Le frecce sibilavano in rapida successione ma ad intervalli sfalsati - mortale è l'imprevedibilità ricordi? - ma lei le evitava esibendosi in una danza stravagante sulla groppa del cavallo (di indubbia origine cretese Quintus).

Taurocatapsia (ταυροκαθάψια), o danza acrobatica sui tori.
Affresco minoico (1500 ca a. C.) dal palazzo di Cnosso. Museo di Iraklion

Volteggiava con eleganza ed emetteva dalla bocca una melodia disumana, come un terribile ronzio sordo ed acuto, ora mostrando ora occultando le gambe splendide tra le fessure della bianca tunica.

E io che le ero sempre più vicino, sempre più vicino, i cavalli che si sfioravano pericolosamente e le frecce ormai disperse, io, Quintus, avvenne che fui affascinato e reso progressivamente imbelle da tale misteriosa creatura.

Ma il peggio doveva ancora arrivare Di Manes!

Dopo i volteggiamenti cretesi la fanciulla aveva assunto la posizione del felino accovacciato a quattro zampe sul manto del destriero lanciato a perdifiato nel bosco umido di pioggia. La sirena del bosco aveva cioè abbassato le spalle, inarcato la schiena e spinto all'insù le natiche la cui perfetta rotondità era così offerta alla mia vista.
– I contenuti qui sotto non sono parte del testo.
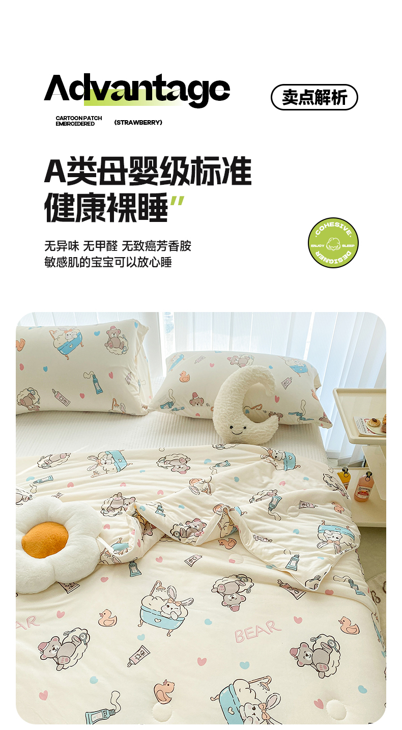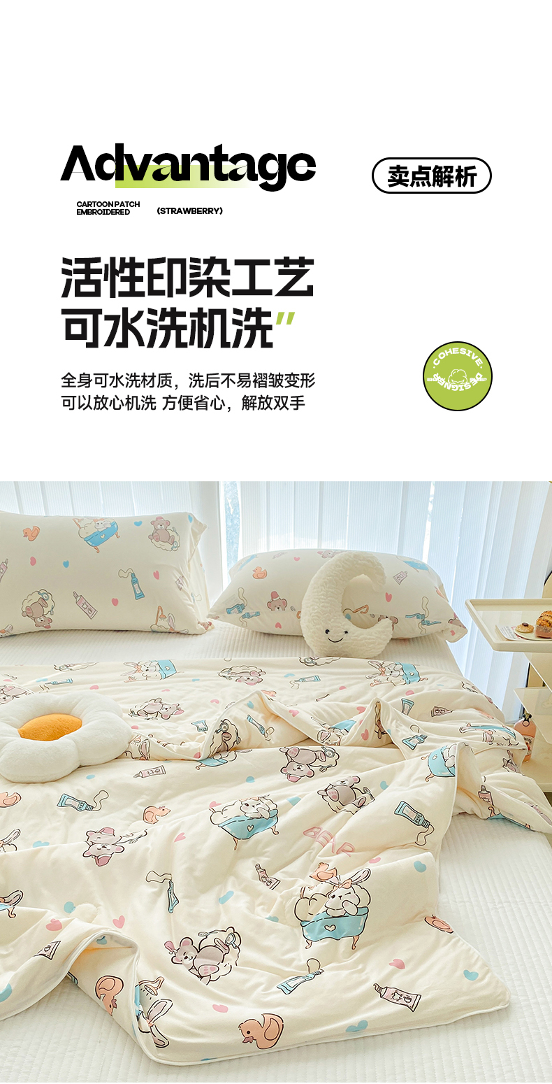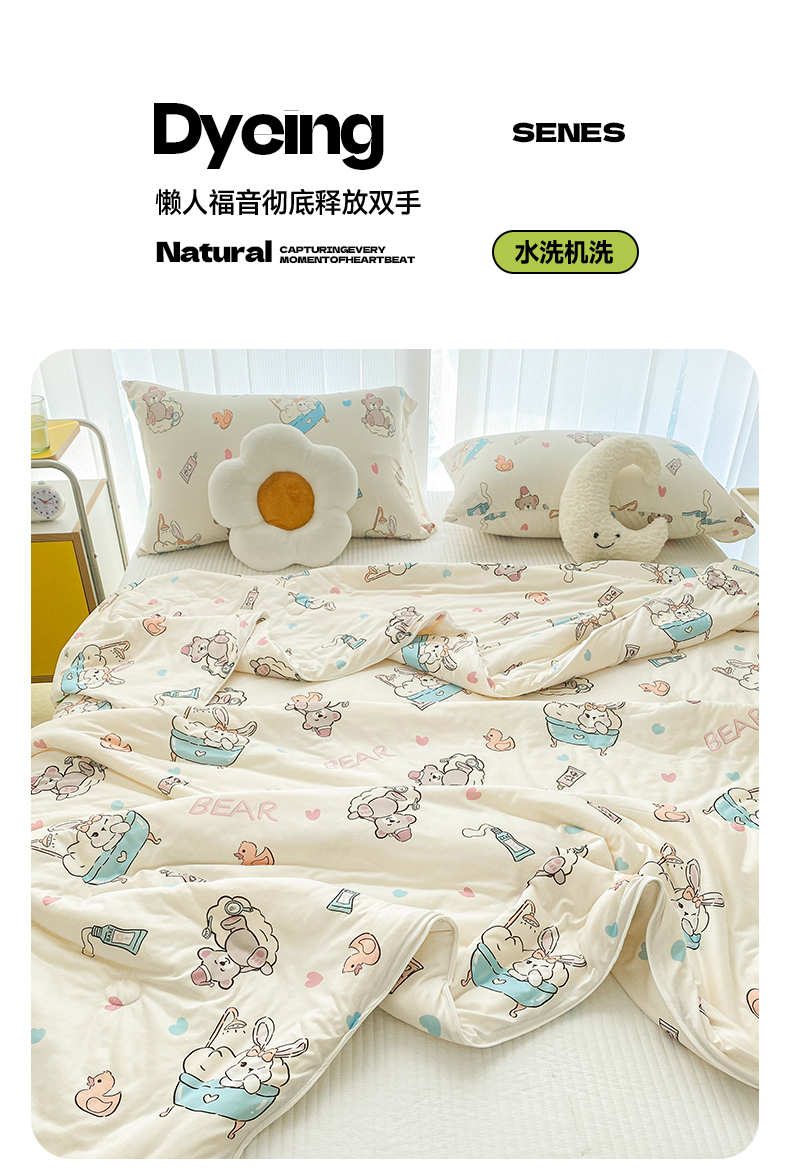 (总)寐眠家纺 2024新款A类母婴级针织棉印花大豆夏被,动物世界,嘟嘟熊,花花兔,开心猫,可爱猫,恐龙漫画,绿恐龙,汽车之家,森林狗,淘气猫,小黄鸭,小恐龙,小汽车,小兔乐园,小熊,星空兔,熊猫宝宝,长耳兔

Scultura dalla Norman Lindsay House (vedi l'ultima immagine per informaz.). Credits

Il tramonto si preannunciava folgorante e il rumore degli animali era divenuto assordante. E io là, con quelle mezze lune simmetriche davanti, che le potevo quasi toccare e che si stagliavano alla luce del crepuscolo, astro doppio di carne pallida e delicatamente tatuata di blu.

La tunica lacerata posteriormente dal mio pilum non nascondeva un gran che, Quintus meus, anzi, rivelava geometrie fattesi sensualità, idee estetiche divenute carnalità e che facevano vagheggiare voluttà infinite e inesauribili sensazioni di passione e d'amore.

Beh, compagno caro dei giorni migliori, tale attimo di impudico turbamento finì per essermi fatale.

La pitta dai capelli fiammanti approfittando della mia commozione, facendo uso del braccio destro nascosto alla mia vista afferrò dalla borsa lacci alle cui estremità erano fissate piccole sfere di bronzo, arma singolare che scagliò con tale veemenza in direzione delle zampe di Hælend che cavallo e cavaliere – cioè noi, amico - non poterono che schiantarsi a terra fragorosamente data la velocità della corsa.

La malizia però costò cara anche alla femmina tatuata poiché lo stallone bianco (era confuso anch'esso?) inciampò a sua volta sopra radici superficiali e rovinò sopra l'erba muschiata e il terreno con ancor più fragore data la stazza della bestia.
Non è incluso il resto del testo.